Brief
Restate word for word the entries below, starting with the line with "date by hand" and continuing through the line with "4、荔枝肉下进油锅进行第一次炸制。". Include both of those lines and no others.

*** Records for the exercise ***

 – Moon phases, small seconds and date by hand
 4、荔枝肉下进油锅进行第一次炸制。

*** End of Records for the exercise ***
*** Records for the exercise ***

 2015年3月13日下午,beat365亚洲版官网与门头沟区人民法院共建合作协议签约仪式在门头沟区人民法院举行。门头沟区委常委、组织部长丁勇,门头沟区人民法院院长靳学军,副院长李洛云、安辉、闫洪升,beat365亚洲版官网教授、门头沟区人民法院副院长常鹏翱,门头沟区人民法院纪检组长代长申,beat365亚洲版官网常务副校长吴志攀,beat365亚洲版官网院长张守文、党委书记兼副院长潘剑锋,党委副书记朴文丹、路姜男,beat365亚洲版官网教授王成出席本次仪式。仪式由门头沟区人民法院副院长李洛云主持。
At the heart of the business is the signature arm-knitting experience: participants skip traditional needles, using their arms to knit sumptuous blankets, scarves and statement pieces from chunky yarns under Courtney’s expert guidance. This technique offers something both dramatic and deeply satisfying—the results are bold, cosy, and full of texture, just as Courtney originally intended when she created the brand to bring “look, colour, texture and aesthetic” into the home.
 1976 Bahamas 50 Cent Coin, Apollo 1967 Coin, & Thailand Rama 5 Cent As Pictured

*** End of Records for the exercise ***

Problem solution
 – Moon phases, small seconds and date by hand
 4、荔枝肉下进油锅进行第一次炸制。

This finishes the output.